What Russia’s claim to conquer Bakhmut means for the war in Ukraine

Russia’s claim to victory in Bakhmut suggests that the brutal urban strife that marked the deadliest blow of its war in Ukraine may well be over. But what comes next is far from clear.

While Moscow heralds a “Mission Accomplished” moment, Ukraine – while insisting that Bakhmut has not completely fallen – sees an opening to seize the initiative from the suburbs once Russian forces stop pushing forward within the city limits.

Russia’s capture of Bakhmut would be a powerful symbolic success for Moscow, the first Ukrainian city it has captured since Lysychansk last summer, and a setback for Kiev, which has expended precious ammunition and sent some of its most capable troops to to thwart the devastating months-long Russian attack. raid.

But the city is in ruins, and controlling it wouldn’t necessarily help Moscow achieve its greater stated goal – capturing the entire eastern region of Donbas – now that Ukrainian forces have exhausted Russian forces and breached their defenses in some areas in the north and south of the city.

Those gains will allow Ukrainian troops to continue raining artillery on Russian troops trying to detain Bakhmut, Ukrainian officials said. And military analysts say that if Moscow continues to send reinforcements to defend the city, it could weaken Russian forces’ ability to hold back a wider counter-offensive that Ukraine says is about to begin.

a British Defense Intelligence Review said on Saturday that Moscow had “redeployed into several battalions to reinforce Bakhmut,” calling it “a remarkable commitment” to Russia’s heavily stretched forces in Ukraine.

One of the questions for Russia is the intentions of Yevgeny V. Prigozhin, head of the Wagner mercenary company in charge of the city fighting, who declared victory in Bakhmut on Saturday and said his soldiers would withdraw from the city on Thursday. Military analysts said it was unclear whether Mr Prigozhin could withdraw so abruptly along a hotly contested front line without serious consequences for the Russians in the city.

It was also unclear whether Russian reinforcements deployed towards Bakhmut would turn for Wagner forces or bolster Russia’s shaky defenses on the outskirts of the city.

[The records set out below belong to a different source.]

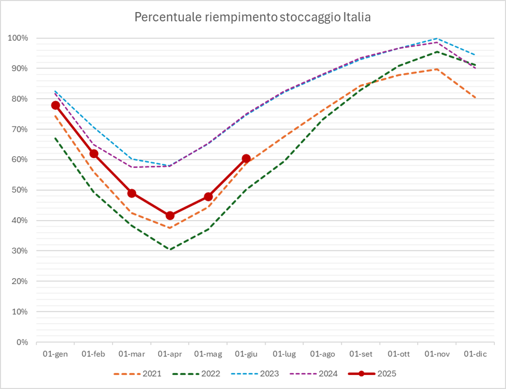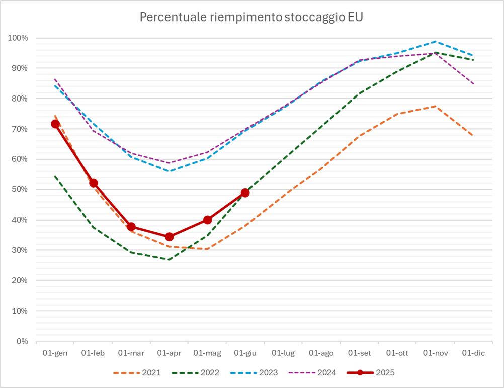 - I grafici relativi all’andamento dello stoccaggio in Italia e in Europa nel suo complesso.
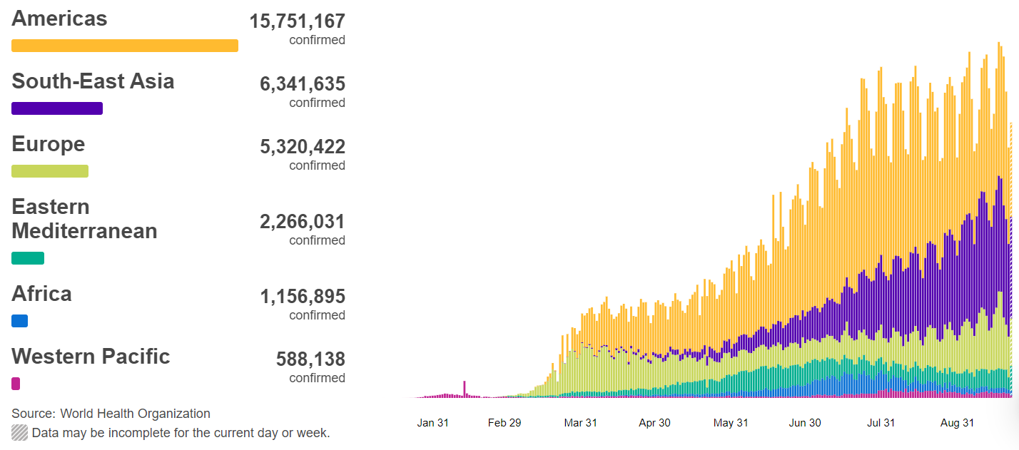 当地时间9月23日,世卫组织发布全球各地区疫情数据,全球新增新冠肺炎确诊病例246165例,死亡新增4520例。疫情最为严重的美洲区域确诊病例达到15751167例(新增84250例),死亡533680例(新增1972例)。
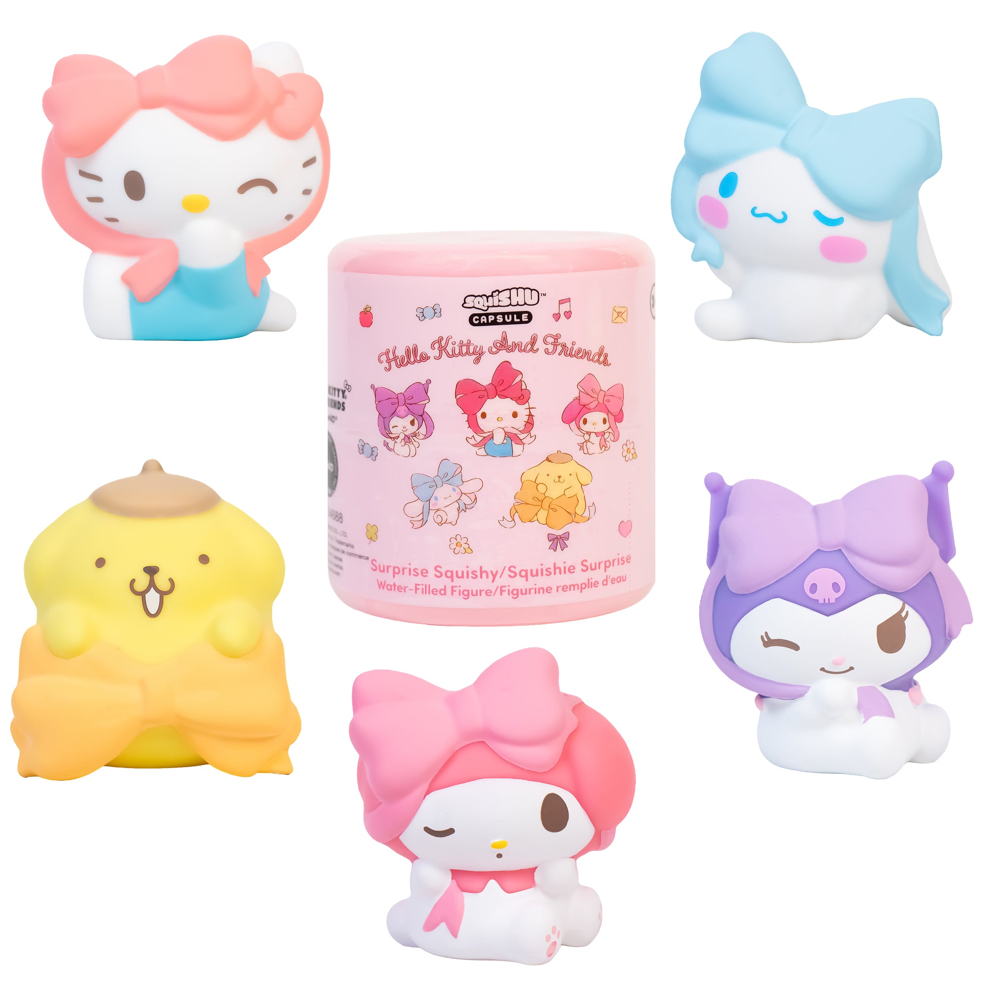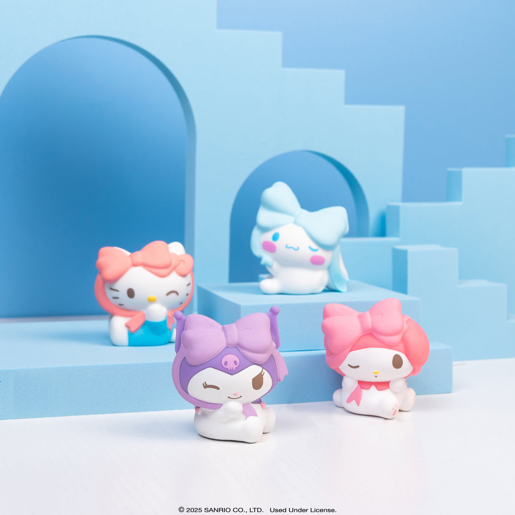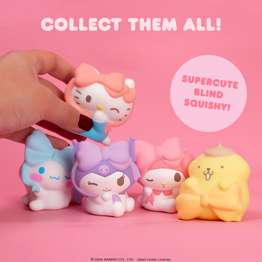 OFFICIALLY LICENSED LOVELY RIBBON SERIES BLIND BOX TOYS -️ Officially licensed Hello Kitty and Friends squishy toys; detailed and adorable designs featuring Hello Kitty, Kuromi, Pompompurin, My Melody, and Cinnamoroll wrapped in ribbon bows!
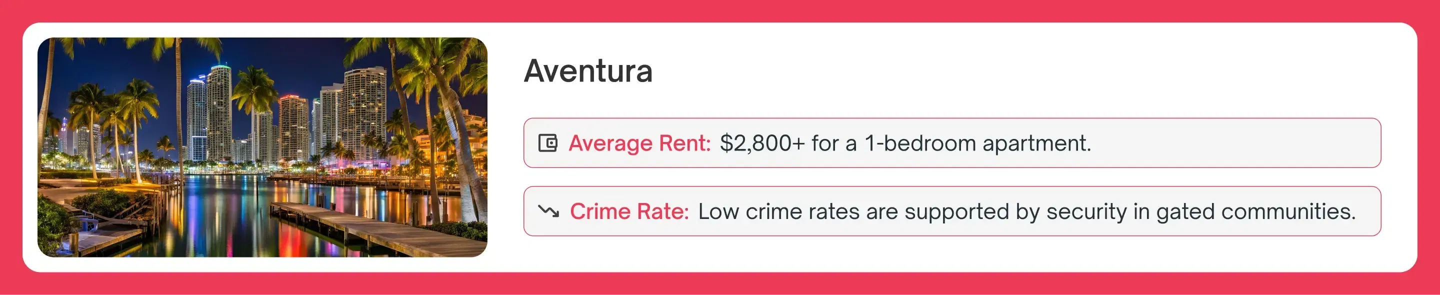 Aventura, a bustling suburban community situated just north of Miami Beach, is among the safest places to stay in Miami. Famous for its high-end living, fine shopping malls, and proximity to the best schools, Aventura presents a safe living environment with gated neighborhoods and high-end condominiums. With round-the-clock security patrols and an aggressive local police force, this area is a first preference among families and retirees in search of safety and a suburban way of life.

In recent days, Russian troops have been fighting their way west through the city through a final neighborhood of high-rise apartment buildings, reaching an expanse of garages, farms and open fields to the west. The Ukrainian army said on Sunday it still possesses several buildings in that area.

But even as Kiev’s forces withdrew from block-by-block fighting, they moved reinforcements to the rear positions to secure roads and supply lines west of Bakhmut. And they concentrated on attacking Russian positions north and south of the city. A pitched battle on 6 May broke through Russian lines south of the village of Ivanivske, forcing Russian soldiers into a disorganized retreat.

Ukraine’s deputy defense minister Hanna Maliar said on Sunday that Ukrainian forces had recently recaptured high ground on the outskirts of the city and that advance would “really complicate the enemy’s presence in Bakhmut.”

If Ukrainian forces can continue their counterattack, it would put Russia on the defensive across almost the entire front line, stretching for hundreds of miles. Bakhmut has been one of the few places where Russia has been gaining ground for months.

Ukrainian commanders say their goal in Bakhmut all along has been to pin the Russian army in a protracted battle, kill as many of its soldiers as possible and give Ukraine time to prepare and rearm – with Western weapons – for a wider counteroffensive.

A Russian capture of Bakhmut “will actually mean nothing,” predicted Colonel Serhiy Hrabsky, a commentator on the war for the Ukrainian news media. “The Russians have exhausted their offensive capabilities, which is why they so desperately declare that they have captured Bakhmut.”

Speaking to reporters at the Group of 7 summit in Japan on Sunday, President Volodymyr Zelensky spoke of the strategic significance of the battle to exhaust the Russian military. All that remained in the devastated city, he said, were “many dead Russians.”